Christmas is upon us, so it's time to rediscover all our favourite festive pieces of music...
Christmas is upon us, so it's time to rediscover all our favourite festive pieces of music... Picture: Alamy
Classic FM

By Classic FM

Christmas is upon us, which means it’s time to rediscover all those favourite festive pieces of music.

Find out how classical music does Christmas, from traditional carols to obscure gems you may not yet have heard...

  1. The Nutcracker – Pyotr Ilyich Tchaikovsky

    The Nutcracker is something of a Christmas tradition. The festive tale of a toy soldier that comes to life has endured over the years and been subject to some radical retellings. But it’s Tchaikovsky’s music at the centre that makes the beloved ballet that little bit more special.

    Read more: The best ballet scores of all time

    The Nutcracker at the Royal Opera House
    The Nutcracker at the Royal Opera House. Picture: Royal Ballet/Tristram Kenton
  2. Troika – Sergei Prokofiev

    Taken from his Lieutenant Kijé, Prokofiev’s festive sleigh-ride of a piece is not only a mainstay in Christmas concerts around the world, but on hit radio stations too. English musician, Greg Lake, samples the Russian composer’s melody in his 1975 Christmas song, ‘I Believe in Father Christmas’.

    Read more: Greg Lake’s use of Prokofiev’s Troika is one of the best things about Christmas

  3. Carol Symphony – Victor Hely-Hutchinson

    Written in 1927, Victor Hely-Hutchinson’s festive shindig of a piece takes the listener on a tour of some of the best-loved Christmas carols including ‘O Come All Ye Faithful’, ‘God Rest Ye Merry Gentlemen’ and ‘The First Noël’.
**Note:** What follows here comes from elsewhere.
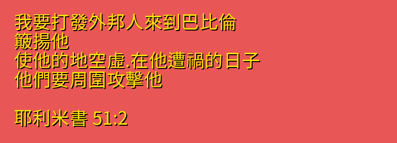 51:2 我要打發外邦人來到巴比倫、簸揚他、使他的地空虛.在他遭禍的日子、他們要周圍攻擊他。51:3 拉弓的、要向拉弓的和貫甲挺身的射箭.不要憐惜他的少年人.要滅盡他的全軍。51:4 他們必在迦勒底人之地、被殺仆倒、在巴比倫的街上被刺透。51:5 以色列和猶大、雖然境內充滿違背以色列聖者的罪、卻沒有被他的 神萬軍之耶和華丟棄。51:6 你們要從巴比倫中逃奔、各救自己的性命.不要陷在他的罪孽中、一同滅亡、因為這是耶和華報仇的時候.他必向巴比倫施行報應。51:7 巴比倫素來是耶和華手中的金杯、使天下沉醉.萬國喝了他的酒就顛狂了。51:8 巴比倫忽然傾覆毀壞.要為他哀號、為止他的疼痛、拿乳香、或者可以治好。51:9 我們想醫治巴比倫、他卻沒有治好.離開他罷、我們各人歸回本國.因為他受的審判通於上天、達到穹蒼。51:10 耶和華已經彰顯我們的公義.來罷、我們可以在錫安報告耶和華我們 神的作為。51:11 你們要磨尖了箭頭、抓住盾牌.耶和華定意攻擊巴比倫、將他毀滅、所以激動了瑪代君王的心、因這是耶和華報仇、就是為自己的殿報仇。51:12 你們要豎立大旗、攻擊巴比倫的城牆.要堅固瞭望臺、派定守望的設下埋伏.因為耶和華指著巴比倫居民所說的話、所定的意、他已經作成。51:13 住在眾水之上多有財寶的阿、你的結局到了、你貪婪之量滿了。51:14 萬軍之耶和華指著自己起誓、說、我必使敵人充滿你、像螞蚱一樣.他們必吶喊攻擊你。51:15 耶和華用能力創造大地、用智慧建立世界、用聰明鋪張穹蒼。51:16 他一發聲、空中便有多水激動.他使雲霧從地極上騰.他造電隨雨而閃、從他府庫中帶出風來。51:17 各人都成了畜類、毫無知識.各銀匠都因他的偶像羞愧.他所鑄的偶像、本是虛假的、其中並無氣息.51:18 都是虛無的、是迷惑人的工作.到追討的時候、必被除滅。51:19 雅各的分不像這些.因他是造作萬有的主.以色列也是他產業的支派.萬軍之耶和華是他的名。51:20 你是我爭戰的斧子、和打仗的兵器.我要用你打碎列國、用你毀滅列邦.51:21 用你打碎馬和騎馬的.用你打碎戰車和坐在其上的.51:22 用你打碎男人和女人.用你打碎老年人和少年人.用你打碎壯丁和處女.51:23 用你打碎牧人和他的群畜.用你打碎農夫和他一對牛.用你打碎省長和副省長。51:24 耶和華說、我必在你們眼前報復巴比倫人和迦勒底居民在錫安所行的諸惡。51:25 耶和華說、你這行毀滅的山哪、就是毀滅天下的山、我與你反對.我必向你伸手、將你從山巖滾下去、使你成為燒燬的山。51:26 人必不從你那裡取石頭為房角石、也不取石頭為根基石.你必永遠荒涼.這是耶和華說的。51:27 要在境內豎立大旗、在各國中吹角、使列國預備攻擊巴比倫、將亞拉臘、米尼、亞實基拿各國招來攻擊他.又派軍長來攻擊他、使馬匹上來如螞蚱.51:28 使列國和瑪代君王、與省長、和副省長、並他們所管全地之人、都預備攻擊他。51:29 地必震動而瘠苦.因耶和華向巴比倫所定的旨意成立了、使巴比倫之地荒涼、無人居住。51:30 巴比倫的勇士止息爭戰、藏在堅壘之中.他們的勇力衰盡、好像婦女一樣.巴比倫的住處有火冲起.門閂都折斷了。51:31 通報的要彼此相遇、送信的要互相迎接、報告巴比倫王、說、城的四方、被攻取了.51:32 渡口被佔據了、葦塘被火燒了、兵丁也驚慌了。51:33 萬軍之耶和華以色列的 神如此說、巴比倫城、〔城原文作女子〕好像踹榖的禾場.再過片時、收割他的時候就到了。51:34 以色列人說、巴比倫王尼布甲尼撒吞滅我、壓碎我、使我成為空虛的器皿.他像大魚、將我吞下、用我的美物充滿他的肚腹、又將我趕出去。51:35 錫安的居民要說、巴比倫以強暴待我、損害我的身體.願這罪歸給他.耶路撒冷人要說、願流我們血的罪、歸到迦勒底的居民。51:36 所以耶和華如此說、我必為你伸冤、為你報仇.我必使巴比倫的海枯竭、使他的泉源乾涸。51:37 巴比倫必成為亂堆、為野狗的住處、令人驚駭、嗤笑、並且無人居住。51:38 他們要像少壯獅子咆哮、像小獅子吼叫。51:39 他們火熱的時候、我必為他們設擺酒席、使他們沉醉、好叫他們快樂、睡了長覺、永不醒起.這是耶和華說的。51:40 我必使他們像羊羔、像公綿羊和公山羊、下到宰殺之地。51:41 示沙克〔就是巴比倫〕何竟被攻取.天下所稱讚的、何竟被佔據.巴比倫在列國中、何竟變為荒場。51:42 海水漲起、漫過巴比倫.他被許多海浪遮蓋。51:43 他的城邑、變為荒場、旱地、沙漠、無人居住、無人經過之地。51:44 我必刑罰巴比倫的彼勒、使他吐出所吞的.萬民必不再流歸他那裡、巴比倫的城牆、也必坍塌了。51:45 我的民哪、你們要從其中出去、各人拯救自己、躲避耶和華的烈怒。51:46 你們不要心驚膽怯、也不要因境內所聽見的風聲懼怕.因為這年有風聲傳來、那年也有風聲傳來、境內有強暴的事、官長攻擊官長。51:47 日子將到、我必刑罰巴比倫雕刻的偶像.他全地必然抱愧.他被殺的人、必在其中仆倒。51:48 那時、天地和其中所有的、必因巴比倫歡呼.因為行毀滅的、要從北方來到他那裡.這是耶和華說的。51:49 巴比倫怎樣使以色列被殺的人仆倒、照樣他全地被殺的人、也必在巴比倫仆倒。51:50 你們躲避刀劍的要快走、不要站住.要在遠方記念耶和華、心中追想耶路撒冷。51:51 我們聽見辱罵就蒙羞、滿面

  4. L’Enfance du Christ – Hector Berlioz

    Berlioz wrote the oratorio L’Enfance du Christ from 1854. It’s a huge work, which took four years to compose, and depicts not just the childhood of Christ but also Herod’s mass murder of infants in Judea, which led to the fleeing of Mary, Joseph and Jesus. The best-known section, ‘The Shepherds’ Farewell’, is a glorious blend of warm woodwind sounds, sublime choral harmonies and sensitive orchestral accompaniment.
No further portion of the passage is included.